**What this task involves**. Restate the listing below word for word; no picture is to be carried over.

___ Dataset section ___

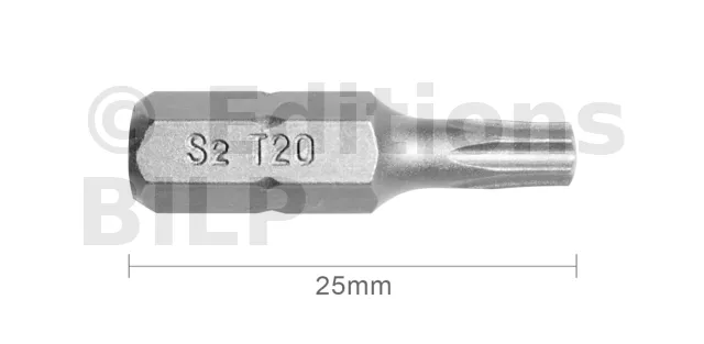 Embout T20 25mm (Qualité Professionnelle, Acier S2) - lot de 5 embouts - Réf. EmboutT20_5
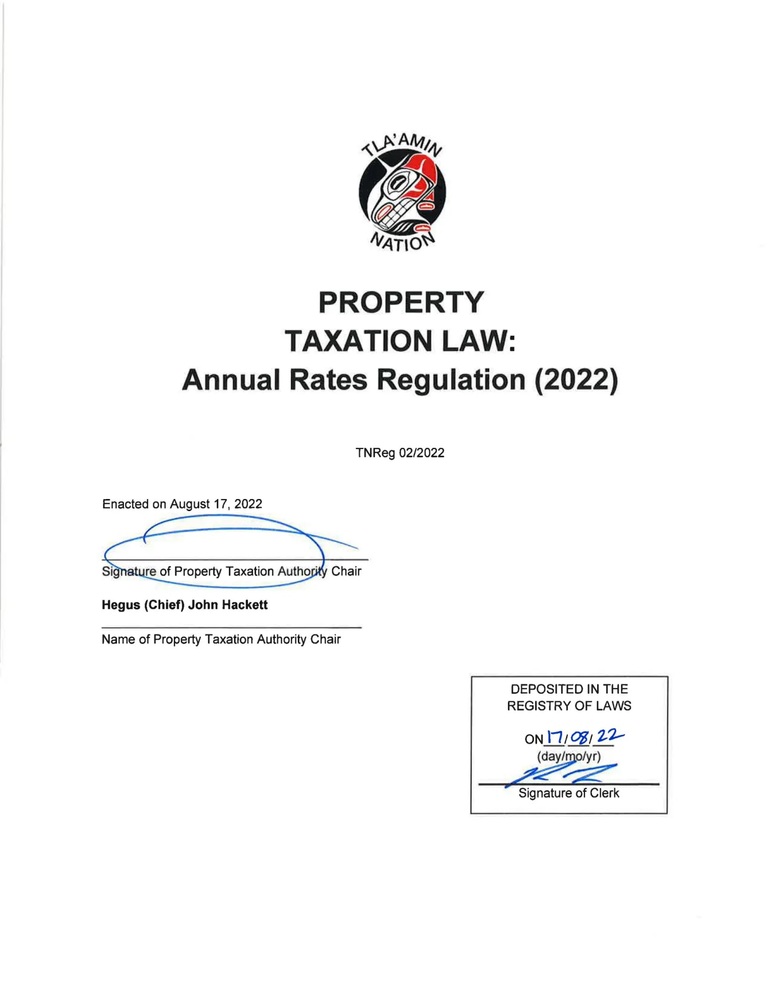 Please find attached the Annual Rates Regulation for 2022 Download PDF 2022-Annual-Rates-Regulation [PDF]
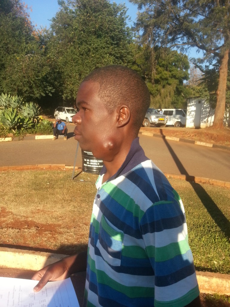 Michael (not his real name) is an Upper 6 student at Shamva High School. In February 2016, Kidzcan Staff visited Shamva District and spoke about childhood cancer. The crowd was shown a lot of pictures and they were told about the different types of cancers in children. A member of the community who attended the Awareness Campaign remembered a boy from his village who had something similar (a mass growing on his neck) to what they had been shown during the campaign. Below is his testimony:
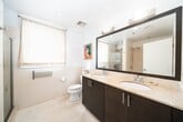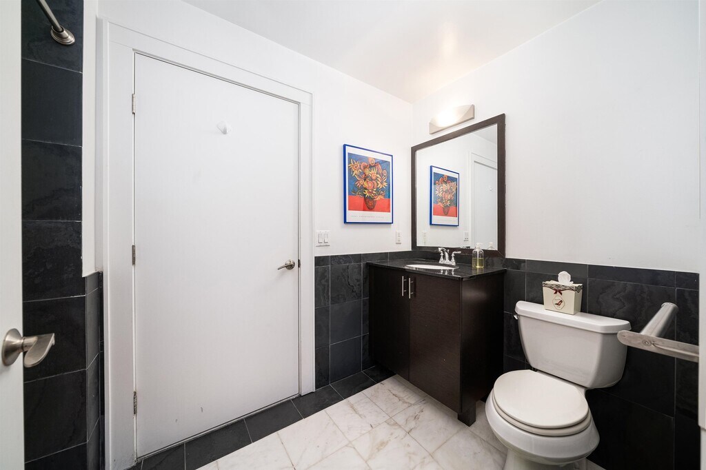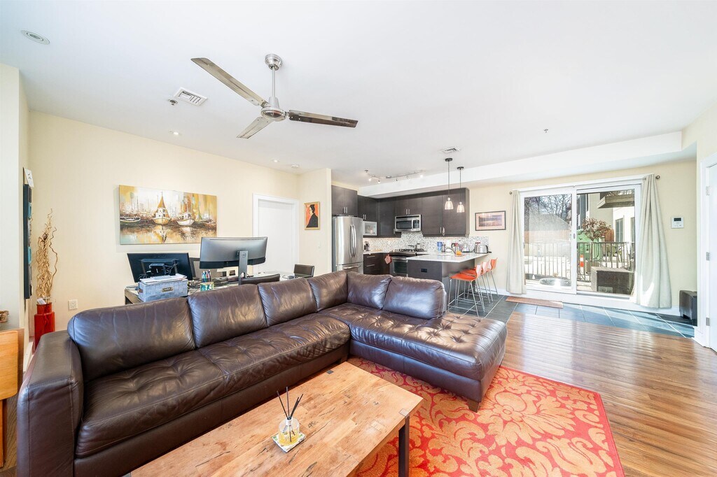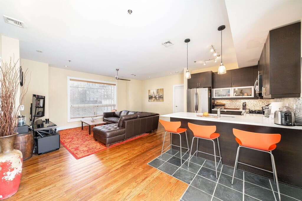 Residence 2A at 635 6th is a bright, well maintained, 2 bed/2 bath in a modern steel and concrete elevator building. As you walk through your proper entryway into the unit you'll be welcomed into a large open concept living and dining area boasting large windows and expansive terrace. The well-appointed chef's kitchen showcases elegant espresso cabinets, quartz countertops, under-cabinet lighting, a full suite of stainless steel appliances, and a breakfast bar with seating for 3-4 people. The generous primary bedroom features a sizable walk-in closet and an en-suite bathroom with a separate shower and jacuzzi tub, a double vanity, and natural stone tile. The second bedroom has its own access to the bathroom, adorned with chic black and white marble and slate-style tiles. This exceptional offering comes complete with video front door system, a large garage parking spot, a terrace overlooking your shared backyard with furniture + grill for summer BBQs, in unit washer/dryer, central AC/heat, bicycle storage, gleaming hardwood floors. Conveniently located in midtown, this residence provides easy access to various commuting options such as NJ Transit bus routes to Port Authority, LightRail, PATH, and the Hoboken Hop. Discover and relish in the vibrant artistic community, entertainment venues, shopping destinations, and dining experiences situated at the nearby Monroe Center. Additionally, enjoy leisurely strolls to the 2-acre 7th & Jackson Park, which features a community gymnasium and a children's playground, adding to the charm and allure of this desirable location.

___

**Solution to the exercise**.
 Embout T20 25mm (Qualité Professionnelle, Acier S2) - lot de 5 embouts - Réf. EmboutT20_5
 Please find attached the Annual Rates Regulation for 2022 Download PDF 2022-Annual-Rates-Regulation [PDF]
 Michael (not his real name) is an Upper 6 student at Shamva High School. In February 2016, Kidzcan Staff visited Shamva District and spoke about childhood cancer. The crowd was shown a lot of pictures and they were told about the different types of cancers in children. A member of the community who attended the Awareness Campaign remembered a boy from his village who had something similar (a mass growing on his neck) to what they had been shown during the campaign. Below is his testimony:
 Residence 2A at 635 6th is a bright, well maintained, 2 bed/2 bath in a modern steel and concrete elevator building. As you walk through your proper entryway into the unit you'll be welcomed into a large open concept living and dining area boasting large windows and expansive terrace. The well-appointed chef's kitchen showcases elegant espresso cabinets, quartz countertops, under-cabinet lighting, a full suite of stainless steel appliances, and a breakfast bar with seating for 3-4 people. The generous primary bedroom features a sizable walk-in closet and an en-suite bathroom with a separate shower and jacuzzi tub, a double vanity, and natural stone tile. The second bedroom has its own access to the bathroom, adorned with chic black and white marble and slate-style tiles. This exceptional offering comes complete with video front door system, a large garage parking spot, a terrace overlooking your shared backyard with furniture + grill for summer BBQs, in unit washer/dryer, central AC/heat, bicycle storage, gleaming hardwood floors. Conveniently located in midtown, this residence provides easy access to various commuting options such as NJ Transit bus routes to Port Authority, LightRail, PATH, and the Hoboken Hop. Discover and relish in the vibrant artistic community, entertainment venues, shopping destinations, and dining experiences situated at the nearby Monroe Center. Additionally, enjoy leisurely strolls to the 2-acre 7th & Jackson Park, which features a community gymnasium and a children's playground, adding to the charm and allure of this desirable location.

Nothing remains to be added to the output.